How to complete this task:
Could the records be returned exactly, with the pictures left out?

Records shown:
——————————

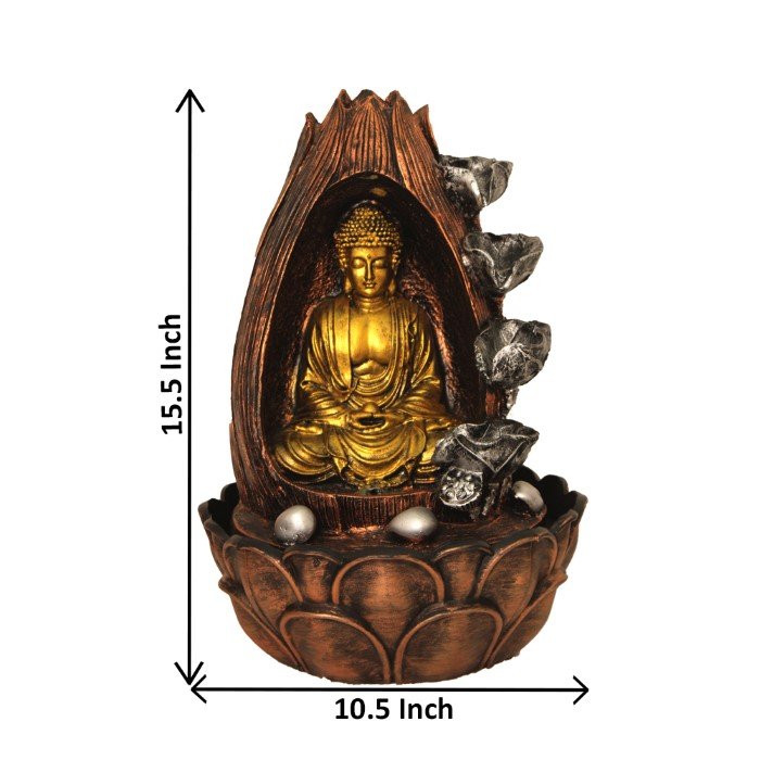 Lotus Buddha indoor water fountain is a beautiful showpiece for home decor. This indoor water fountain not only looks great but also brings positivity to your space. Sound effect of water fountain helps create a positive and harmonious environment. As a home decorative water fountain, it adds a touch of elegance and peace to your living space. This Lotus Buddha also makes for a wonderful decorative gift item for home decoration, ideal for housewarmings or special occasions. An indoor water fountain is best decoration and thoughtful gift. Whether placed in a living room, home, office, showroom, restaurant, hotel and wedding hall, the gentle sound of flowing water can enhance the beauty of area. As a gift, an indoor water fountain is not only visually appealing but also symbolizes harmony and balance. Water fountain is best ideal decorative gift choice as birthday, housewarming, office / shop inauguration, New Year, Wedding, Corporate Diwali gifts or any occasion.
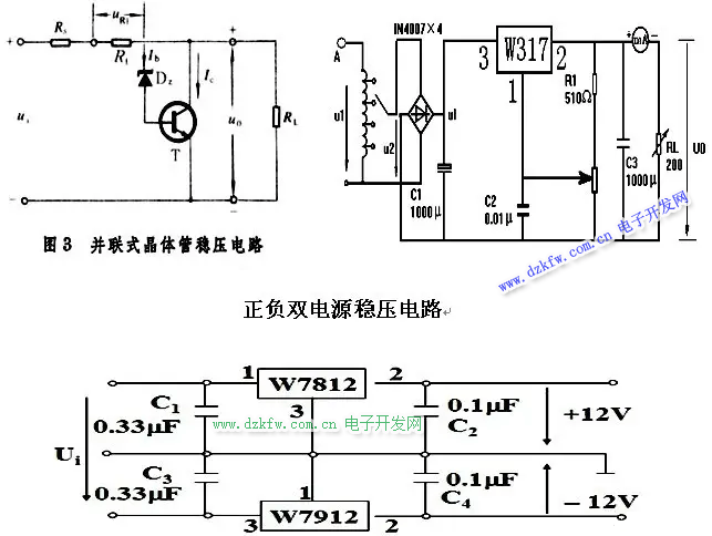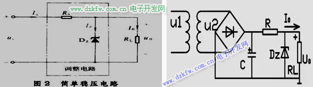 图2为简单稳压电路,由限流电阻 Rs和稳压二极管Dz组成。输出端输出稳压电压。当输入电压ui或输出电流I0在一定范围内升高或降低时,具有稳压特性的Dz上的电压 。
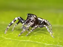 - Maddison, W. P.; Evans, S. C.; Hamilton, C. A.; Bond, J. E.; et al. (2017). "A genome-wide phylogeny of jumping spiders (Araneae, Salticidae), using anchored hybrid enrichment". ZooKeys (695): 89–101. doi:10.3897/zookeys.695.13852. PMC 5673835. PMID 29134008.
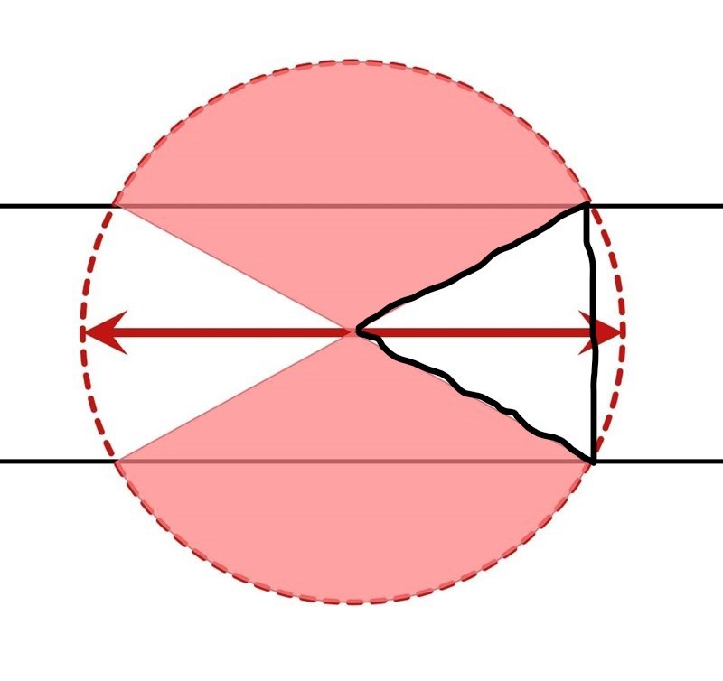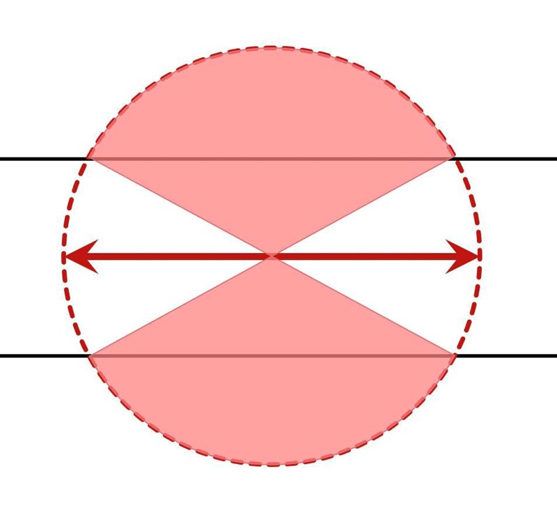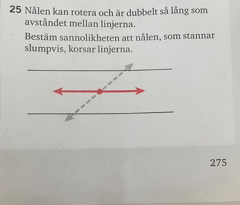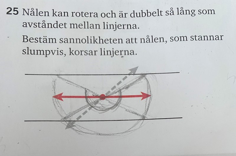 Om nålen hamnar inuti det rödskuggade området, innebär det att nålen korsar linjerna. Om nålen håller sig inuti det vita/oskuggade området, korsar nålen inte linjerna. Var linjen hamnar är slumpmässigt. Hur stor är sannolikheten att linjen landar i det rosa området? :)
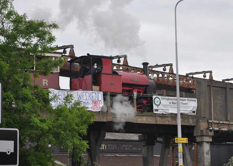 Leader on the Sittingbourne Viaduct approaching the station.
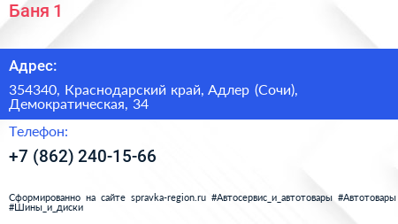 Баня №1 по адресу 354340, Краснодарский край, Адлер (Сочи), Демократическая, 34 в дальнейшем Организация, размещена в следующих категориях:
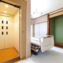 急なご病気で車いすでの生活となった家族のために設置したのは、2階の寝室と1階の車庫をつなぐホームエレベーター。前後二方向に出入口があるので、乗り降りの際、車いすの向きを変える必要がありません。コンクリートの車庫のホールには断熱材を入れ、冷気の吹き込みを防止。また、部屋の段差をなくし、トイレに手すりをつけるなど、車いす生活を不自由なくサポートできるよう配慮しました。施工店: 株式会社リファインむろらん(旧:リファインむろらん)
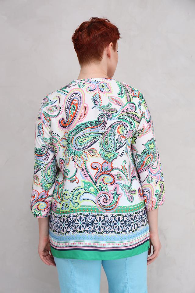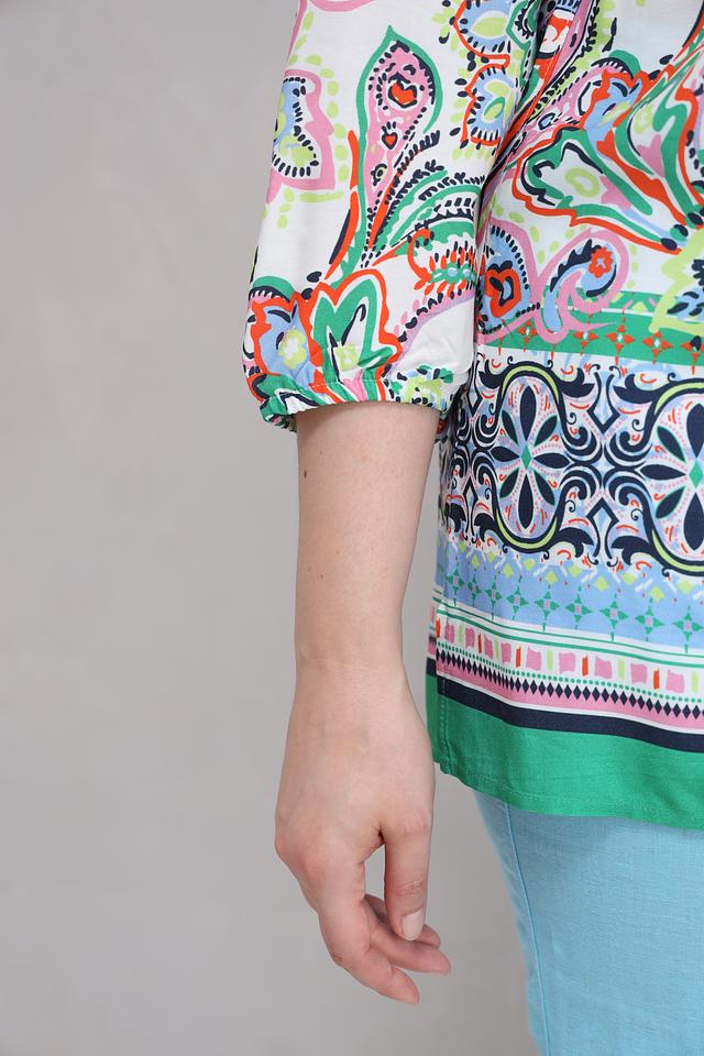 Эта стильная блуза от Lebek выполнена в белом цвете и украшена эффектным принтом пейсли, выполненным в разнообразных оттенках зеленого, розового и оранжевого. Модель имеет удобный V-образный вырез горловины и рукава длиной 3/4, что делает ее подходящей для создания как повседневных, так и более нарядных образов.

——————————

The completed task:
 Lotus Buddha indoor water fountain is a beautiful showpiece for home decor. This indoor water fountain not only looks great but also brings positivity to your space. Sound effect of water fountain helps create a positive and harmonious environment. As a home decorative water fountain, it adds a touch of elegance and peace to your living space. This Lotus Buddha also makes for a wonderful decorative gift item for home decoration, ideal for housewarmings or special occasions. An indoor water fountain is best decoration and thoughtful gift. Whether placed in a living room, home, office, showroom, restaurant, hotel and wedding hall, the gentle sound of flowing water can enhance the beauty of area. As a gift, an indoor water fountain is not only visually appealing but also symbolizes harmony and balance. Water fountain is best ideal decorative gift choice as birthday, housewarming, office / shop inauguration, New Year, Wedding, Corporate Diwali gifts or any occasion.
 图2为简单稳压电路,由限流电阻 Rs和稳压二极管Dz组成。输出端输出稳压电压。当输入电压ui或输出电流I0在一定范围内升高或降低时,具有稳压特性的Dz上的电压 。
 - Maddison, W. P.; Evans, S. C.; Hamilton, C. A.; Bond, J. E.; et al. (2017). "A genome-wide phylogeny of jumping spiders (Araneae, Salticidae), using anchored hybrid enrichment". ZooKeys (695): 89–101. doi:10.3897/zookeys.695.13852. PMC 5673835. PMID 29134008.
 Om nålen hamnar inuti det rödskuggade området, innebär det att nålen korsar linjerna. Om nålen håller sig inuti det vita/oskuggade området, korsar nålen inte linjerna. Var linjen hamnar är slumpmässigt. Hur stor är sannolikheten att linjen landar i det rosa området? :)
 Leader on the Sittingbourne Viaduct approaching the station.
 Баня №1 по адресу 354340, Краснодарский край, Адлер (Сочи), Демократическая, 34 в дальнейшем Организация, размещена в следующих категориях:
 急なご病気で車いすでの生活となった家族のために設置したのは、2階の寝室と1階の車庫をつなぐホームエレベーター。前後二方向に出入口があるので、乗り降りの際、車いすの向きを変える必要がありません。コンクリートの車庫のホールには断熱材を入れ、冷気の吹き込みを防止。また、部屋の段差をなくし、トイレに手すりをつけるなど、車いす生活を不自由なくサポートできるよう配慮しました。施工店: 株式会社リファインむろらん(旧:リファインむろらん)
 Эта стильная блуза от Lebek выполнена в белом цвете и украшена эффектным принтом пейсли, выполненным в разнообразных оттенках зеленого, розового и оранжевого. Модель имеет удобный V-образный вырез горловины и рукава длиной 3/4, что делает ее подходящей для создания как повседневных, так и более нарядных образов.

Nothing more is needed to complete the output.